=== Begin Enclosure ===

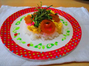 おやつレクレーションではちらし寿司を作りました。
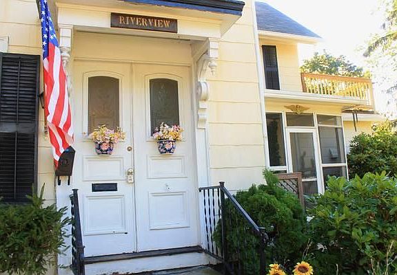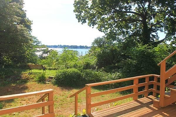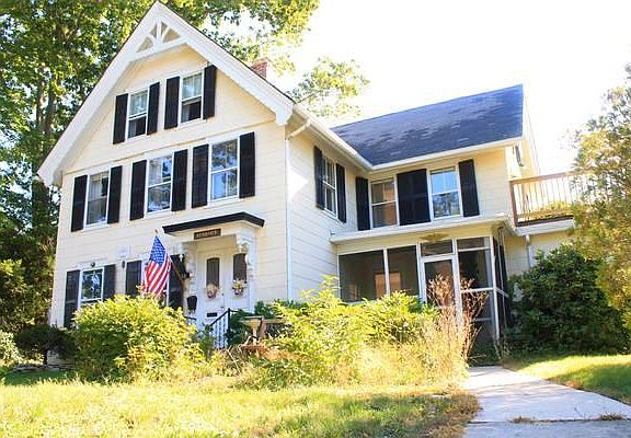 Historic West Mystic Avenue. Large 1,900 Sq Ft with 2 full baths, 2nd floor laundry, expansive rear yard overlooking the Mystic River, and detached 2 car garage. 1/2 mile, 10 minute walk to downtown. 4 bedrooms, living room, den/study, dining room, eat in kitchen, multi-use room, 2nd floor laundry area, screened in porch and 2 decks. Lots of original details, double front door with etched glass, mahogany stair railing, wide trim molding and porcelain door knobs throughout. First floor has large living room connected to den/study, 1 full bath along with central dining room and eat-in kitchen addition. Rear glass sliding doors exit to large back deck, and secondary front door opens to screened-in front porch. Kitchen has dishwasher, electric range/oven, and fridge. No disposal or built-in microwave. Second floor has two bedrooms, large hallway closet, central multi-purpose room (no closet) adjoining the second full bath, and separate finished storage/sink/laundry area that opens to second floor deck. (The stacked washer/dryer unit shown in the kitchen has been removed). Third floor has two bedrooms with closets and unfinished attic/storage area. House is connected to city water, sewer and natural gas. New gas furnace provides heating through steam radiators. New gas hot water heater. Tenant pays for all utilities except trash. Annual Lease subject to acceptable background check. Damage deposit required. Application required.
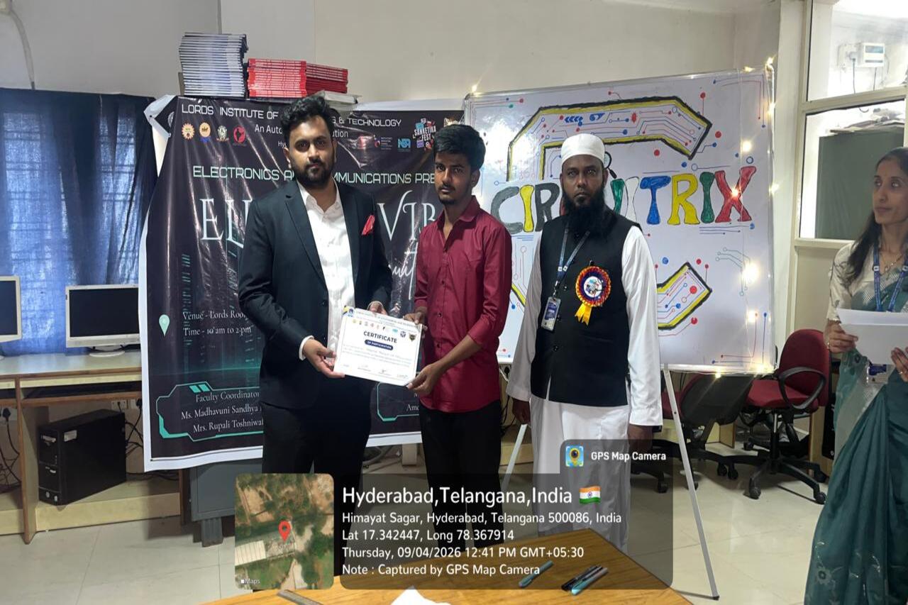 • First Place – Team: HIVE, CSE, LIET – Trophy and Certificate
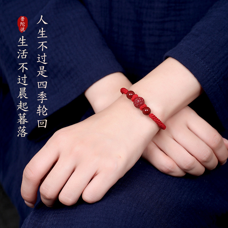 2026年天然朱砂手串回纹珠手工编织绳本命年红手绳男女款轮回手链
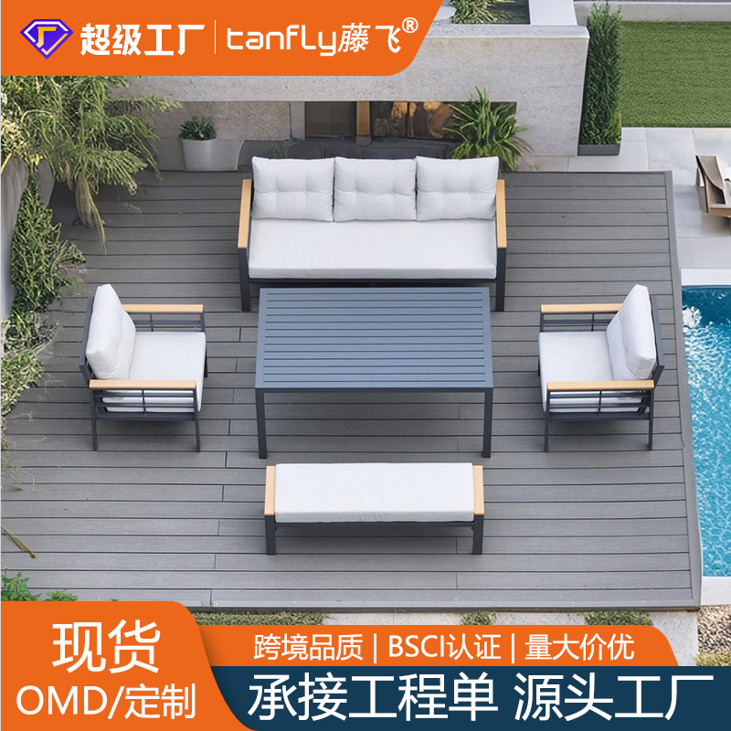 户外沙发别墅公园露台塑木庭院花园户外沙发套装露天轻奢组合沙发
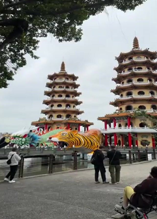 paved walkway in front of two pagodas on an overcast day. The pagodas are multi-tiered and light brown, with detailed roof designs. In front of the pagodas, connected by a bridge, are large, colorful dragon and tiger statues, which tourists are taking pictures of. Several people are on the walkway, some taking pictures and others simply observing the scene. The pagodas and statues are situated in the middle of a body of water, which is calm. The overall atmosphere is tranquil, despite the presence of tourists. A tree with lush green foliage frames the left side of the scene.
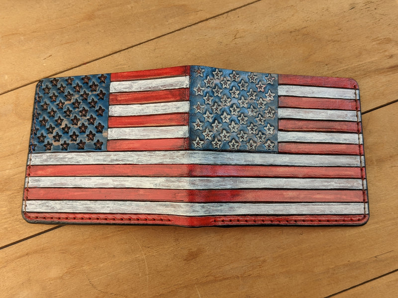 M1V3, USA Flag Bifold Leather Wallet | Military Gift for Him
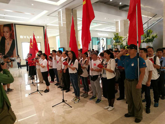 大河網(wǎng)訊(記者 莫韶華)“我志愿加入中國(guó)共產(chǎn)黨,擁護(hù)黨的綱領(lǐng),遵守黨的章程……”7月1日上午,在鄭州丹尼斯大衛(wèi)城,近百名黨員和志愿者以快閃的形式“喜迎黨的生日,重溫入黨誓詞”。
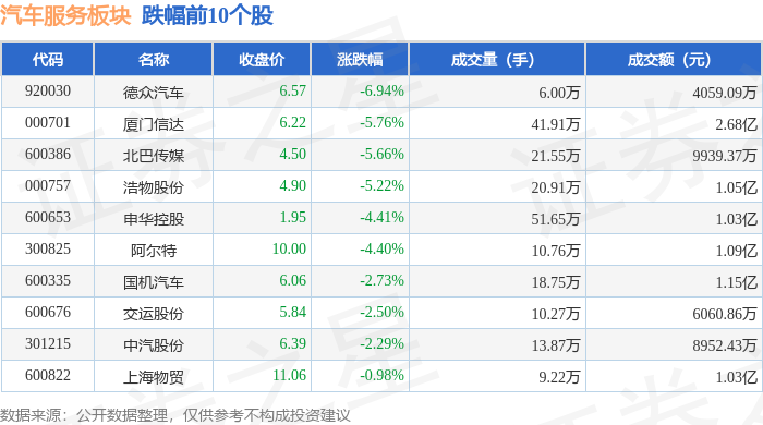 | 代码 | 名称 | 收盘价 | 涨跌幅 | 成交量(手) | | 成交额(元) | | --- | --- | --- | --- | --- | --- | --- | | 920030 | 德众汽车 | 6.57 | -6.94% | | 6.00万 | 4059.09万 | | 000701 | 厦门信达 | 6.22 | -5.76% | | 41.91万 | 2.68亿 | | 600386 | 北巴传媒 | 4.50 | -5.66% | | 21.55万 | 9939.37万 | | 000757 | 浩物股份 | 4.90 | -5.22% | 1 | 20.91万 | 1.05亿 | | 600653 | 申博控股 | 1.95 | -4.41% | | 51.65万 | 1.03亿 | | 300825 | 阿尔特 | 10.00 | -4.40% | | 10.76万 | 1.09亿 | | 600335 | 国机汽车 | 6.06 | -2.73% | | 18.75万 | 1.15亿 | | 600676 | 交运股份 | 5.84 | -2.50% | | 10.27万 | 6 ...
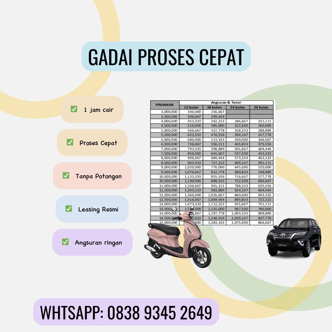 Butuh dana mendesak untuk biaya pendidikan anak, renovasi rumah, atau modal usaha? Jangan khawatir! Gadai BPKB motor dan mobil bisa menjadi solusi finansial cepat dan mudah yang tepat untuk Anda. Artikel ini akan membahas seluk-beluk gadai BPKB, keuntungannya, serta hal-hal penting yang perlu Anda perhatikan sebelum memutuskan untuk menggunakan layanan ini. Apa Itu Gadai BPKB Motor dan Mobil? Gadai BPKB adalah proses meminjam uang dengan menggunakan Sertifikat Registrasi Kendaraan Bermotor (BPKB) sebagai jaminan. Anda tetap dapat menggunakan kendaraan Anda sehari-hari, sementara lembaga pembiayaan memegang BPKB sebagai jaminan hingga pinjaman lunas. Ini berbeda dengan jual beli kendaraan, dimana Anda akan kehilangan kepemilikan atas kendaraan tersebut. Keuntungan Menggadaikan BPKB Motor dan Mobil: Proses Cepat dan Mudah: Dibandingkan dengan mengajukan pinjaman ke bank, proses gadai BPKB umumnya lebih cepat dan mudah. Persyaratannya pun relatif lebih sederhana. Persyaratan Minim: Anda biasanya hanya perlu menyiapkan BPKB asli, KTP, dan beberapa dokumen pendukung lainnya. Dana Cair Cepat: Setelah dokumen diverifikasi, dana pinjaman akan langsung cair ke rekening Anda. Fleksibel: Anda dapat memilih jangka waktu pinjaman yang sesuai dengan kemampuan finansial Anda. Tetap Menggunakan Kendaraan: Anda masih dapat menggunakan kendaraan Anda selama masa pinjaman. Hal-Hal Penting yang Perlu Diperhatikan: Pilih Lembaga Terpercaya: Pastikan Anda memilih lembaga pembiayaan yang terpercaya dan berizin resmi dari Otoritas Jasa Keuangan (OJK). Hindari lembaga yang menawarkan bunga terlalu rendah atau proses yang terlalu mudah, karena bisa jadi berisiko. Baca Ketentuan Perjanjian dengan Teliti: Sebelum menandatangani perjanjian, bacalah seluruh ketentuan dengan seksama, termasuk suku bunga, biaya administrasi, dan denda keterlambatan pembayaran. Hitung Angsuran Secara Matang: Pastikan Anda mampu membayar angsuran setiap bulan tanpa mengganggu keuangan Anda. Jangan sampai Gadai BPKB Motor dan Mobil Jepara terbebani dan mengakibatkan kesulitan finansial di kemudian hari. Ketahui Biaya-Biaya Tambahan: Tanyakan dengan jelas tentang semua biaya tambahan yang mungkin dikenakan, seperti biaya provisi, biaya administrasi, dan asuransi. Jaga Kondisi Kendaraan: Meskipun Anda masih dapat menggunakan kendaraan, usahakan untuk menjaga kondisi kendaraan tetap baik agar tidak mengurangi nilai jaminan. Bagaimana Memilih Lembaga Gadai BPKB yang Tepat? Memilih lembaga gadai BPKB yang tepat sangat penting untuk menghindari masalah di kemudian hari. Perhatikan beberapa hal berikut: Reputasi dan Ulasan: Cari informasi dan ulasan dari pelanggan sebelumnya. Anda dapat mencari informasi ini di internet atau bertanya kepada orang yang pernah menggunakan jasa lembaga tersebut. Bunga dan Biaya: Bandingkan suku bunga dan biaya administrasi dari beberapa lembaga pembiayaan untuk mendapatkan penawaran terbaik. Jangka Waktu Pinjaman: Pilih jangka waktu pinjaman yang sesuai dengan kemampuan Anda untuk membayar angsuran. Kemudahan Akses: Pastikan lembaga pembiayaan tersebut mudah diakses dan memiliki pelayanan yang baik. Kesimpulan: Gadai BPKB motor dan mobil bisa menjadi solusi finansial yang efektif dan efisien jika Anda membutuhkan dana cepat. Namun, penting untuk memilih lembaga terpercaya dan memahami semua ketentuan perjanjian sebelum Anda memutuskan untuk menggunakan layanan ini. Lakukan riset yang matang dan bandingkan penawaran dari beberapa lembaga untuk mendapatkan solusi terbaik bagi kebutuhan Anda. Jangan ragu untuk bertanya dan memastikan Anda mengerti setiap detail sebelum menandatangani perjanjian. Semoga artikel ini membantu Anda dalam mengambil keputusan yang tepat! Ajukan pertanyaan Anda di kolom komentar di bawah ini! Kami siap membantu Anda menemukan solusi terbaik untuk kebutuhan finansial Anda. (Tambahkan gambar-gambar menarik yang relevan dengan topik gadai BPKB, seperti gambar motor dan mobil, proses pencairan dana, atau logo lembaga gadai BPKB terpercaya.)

=== End Enclosure ===

EXERCISE GOAL: Can the entries above be repeated exactly, without their pictures?

RESULT OF THE TASK:
 おやつレクレーションではちらし寿司を作りました。
 Historic West Mystic Avenue. Large 1,900 Sq Ft with 2 full baths, 2nd floor laundry, expansive rear yard overlooking the Mystic River, and detached 2 car garage. 1/2 mile, 10 minute walk to downtown. 4 bedrooms, living room, den/study, dining room, eat in kitchen, multi-use room, 2nd floor laundry area, screened in porch and 2 decks. Lots of original details, double front door with etched glass, mahogany stair railing, wide trim molding and porcelain door knobs throughout. First floor has large living room connected to den/study, 1 full bath along with central dining room and eat-in kitchen addition. Rear glass sliding doors exit to large back deck, and secondary front door opens to screened-in front porch. Kitchen has dishwasher, electric range/oven, and fridge. No disposal or built-in microwave. Second floor has two bedrooms, large hallway closet, central multi-purpose room (no closet) adjoining the second full bath, and separate finished storage/sink/laundry area that opens to second floor deck. (The stacked washer/dryer unit shown in the kitchen has been removed). Third floor has two bedrooms with closets and unfinished attic/storage area. House is connected to city water, sewer and natural gas. New gas furnace provides heating through steam radiators. New gas hot water heater. Tenant pays for all utilities except trash. Annual Lease subject to acceptable background check. Damage deposit required. Application required.
 • First Place – Team: HIVE, CSE, LIET – Trophy and Certificate
 2026年天然朱砂手串回纹珠手工编织绳本命年红手绳男女款轮回手链
 户外沙发别墅公园露台塑木庭院花园户外沙发套装露天轻奢组合沙发
 paved walkway in front of two pagodas on an overcast day. The pagodas are multi-tiered and light brown, with detailed roof designs. In front of the pagodas, connected by a bridge, are large, colorful dragon and tiger statues, which tourists are taking pictures of. Several people are on the walkway, some taking pictures and others simply observing the scene. The pagodas and statues are situated in the middle of a body of water, which is calm. The overall atmosphere is tranquil, despite the presence of tourists. A tree with lush green foliage frames the left side of the scene.
 M1V3, USA Flag Bifold Leather Wallet | Military Gift for Him
 大河網(wǎng)訊(記者 莫韶華)“我志愿加入中國(guó)共產(chǎn)黨,擁護(hù)黨的綱領(lǐng),遵守黨的章程……”7月1日上午,在鄭州丹尼斯大衛(wèi)城,近百名黨員和志愿者以快閃的形式“喜迎黨的生日,重溫入黨誓詞”。
 | 代码 | 名称 | 收盘价 | 涨跌幅 | 成交量(手) | | 成交额(元) | | --- | --- | --- | --- | --- | --- | --- | | 920030 | 德众汽车 | 6.57 | -6.94% | | 6.00万 | 4059.09万 | | 000701 | 厦门信达 | 6.22 | -5.76% | | 41.91万 | 2.68亿 | | 600386 | 北巴传媒 | 4.50 | -5.66% | | 21.55万 | 9939.37万 | | 000757 | 浩物股份 | 4.90 | -5.22% | 1 | 20.91万 | 1.05亿 | | 600653 | 申博控股 | 1.95 | -4.41% | | 51.65万 | 1.03亿 | | 300825 | 阿尔特 | 10.00 | -4.40% | | 10.76万 | 1.09亿 | | 600335 | 国机汽车 | 6.06 | -2.73% | | 18.75万 | 1.15亿 | | 600676 | 交运股份 | 5.84 | -2.50% | | 10.27万 | 6 ...
 Butuh dana mendesak untuk biaya pendidikan anak, renovasi rumah, atau modal usaha? Jangan khawatir! Gadai BPKB motor dan mobil bisa menjadi solusi finansial cepat dan mudah yang tepat untuk Anda. Artikel ini akan membahas seluk-beluk gadai BPKB, keuntungannya, serta hal-hal penting yang perlu Anda perhatikan sebelum memutuskan untuk menggunakan layanan ini. Apa Itu Gadai BPKB Motor dan Mobil? Gadai BPKB adalah proses meminjam uang dengan menggunakan Sertifikat Registrasi Kendaraan Bermotor (BPKB) sebagai jaminan. Anda tetap dapat menggunakan kendaraan Anda sehari-hari, sementara lembaga pembiayaan memegang BPKB sebagai jaminan hingga pinjaman lunas. Ini berbeda dengan jual beli kendaraan, dimana Anda akan kehilangan kepemilikan atas kendaraan tersebut. Keuntungan Menggadaikan BPKB Motor dan Mobil: Proses Cepat dan Mudah: Dibandingkan dengan mengajukan pinjaman ke bank, proses gadai BPKB umumnya lebih cepat dan mudah. Persyaratannya pun relatif lebih sederhana. Persyaratan Minim: Anda biasanya hanya perlu menyiapkan BPKB asli, KTP, dan beberapa dokumen pendukung lainnya. Dana Cair Cepat: Setelah dokumen diverifikasi, dana pinjaman akan langsung cair ke rekening Anda. Fleksibel: Anda dapat memilih jangka waktu pinjaman yang sesuai dengan kemampuan finansial Anda. Tetap Menggunakan Kendaraan: Anda masih dapat menggunakan kendaraan Anda selama masa pinjaman. Hal-Hal Penting yang Perlu Diperhatikan: Pilih Lembaga Terpercaya: Pastikan Anda memilih lembaga pembiayaan yang terpercaya dan berizin resmi dari Otoritas Jasa Keuangan (OJK). Hindari lembaga yang menawarkan bunga terlalu rendah atau proses yang terlalu mudah, karena bisa jadi berisiko. Baca Ketentuan Perjanjian dengan Teliti: Sebelum menandatangani perjanjian, bacalah seluruh ketentuan dengan seksama, termasuk suku bunga, biaya administrasi, dan denda keterlambatan pembayaran. Hitung Angsuran Secara Matang: Pastikan Anda mampu membayar angsuran setiap bulan tanpa mengganggu keuangan Anda. Jangan sampai Gadai BPKB Motor dan Mobil Jepara terbebani dan mengakibatkan kesulitan finansial di kemudian hari. Ketahui Biaya-Biaya Tambahan: Tanyakan dengan jelas tentang semua biaya tambahan yang mungkin dikenakan, seperti biaya provisi, biaya administrasi, dan asuransi. Jaga Kondisi Kendaraan: Meskipun Anda masih dapat menggunakan kendaraan, usahakan untuk menjaga kondisi kendaraan tetap baik agar tidak mengurangi nilai jaminan. Bagaimana Memilih Lembaga Gadai BPKB yang Tepat? Memilih lembaga gadai BPKB yang tepat sangat penting untuk menghindari masalah di kemudian hari. Perhatikan beberapa hal berikut: Reputasi dan Ulasan: Cari informasi dan ulasan dari pelanggan sebelumnya. Anda dapat mencari informasi ini di internet atau bertanya kepada orang yang pernah menggunakan jasa lembaga tersebut. Bunga dan Biaya: Bandingkan suku bunga dan biaya administrasi dari beberapa lembaga pembiayaan untuk mendapatkan penawaran terbaik. Jangka Waktu Pinjaman: Pilih jangka waktu pinjaman yang sesuai dengan kemampuan Anda untuk membayar angsuran. Kemudahan Akses: Pastikan lembaga pembiayaan tersebut mudah diakses dan memiliki pelayanan yang baik. Kesimpulan: Gadai BPKB motor dan mobil bisa menjadi solusi finansial yang efektif dan efisien jika Anda membutuhkan dana cepat. Namun, penting untuk memilih lembaga terpercaya dan memahami semua ketentuan perjanjian sebelum Anda memutuskan untuk menggunakan layanan ini. Lakukan riset yang matang dan bandingkan penawaran dari beberapa lembaga untuk mendapatkan solusi terbaik bagi kebutuhan Anda. Jangan ragu untuk bertanya dan memastikan Anda mengerti setiap detail sebelum menandatangani perjanjian. Semoga artikel ini membantu Anda dalam mengambil keputusan yang tepat! Ajukan pertanyaan Anda di kolom komentar di bawah ini! Kami siap membantu Anda menemukan solusi terbaik untuk kebutuhan finansial Anda. (Tambahkan gambar-gambar menarik yang relevan dengan topik gadai BPKB, seperti gambar motor dan mobil, proses pencairan dana, atau logo lembaga gadai BPKB terpercaya.)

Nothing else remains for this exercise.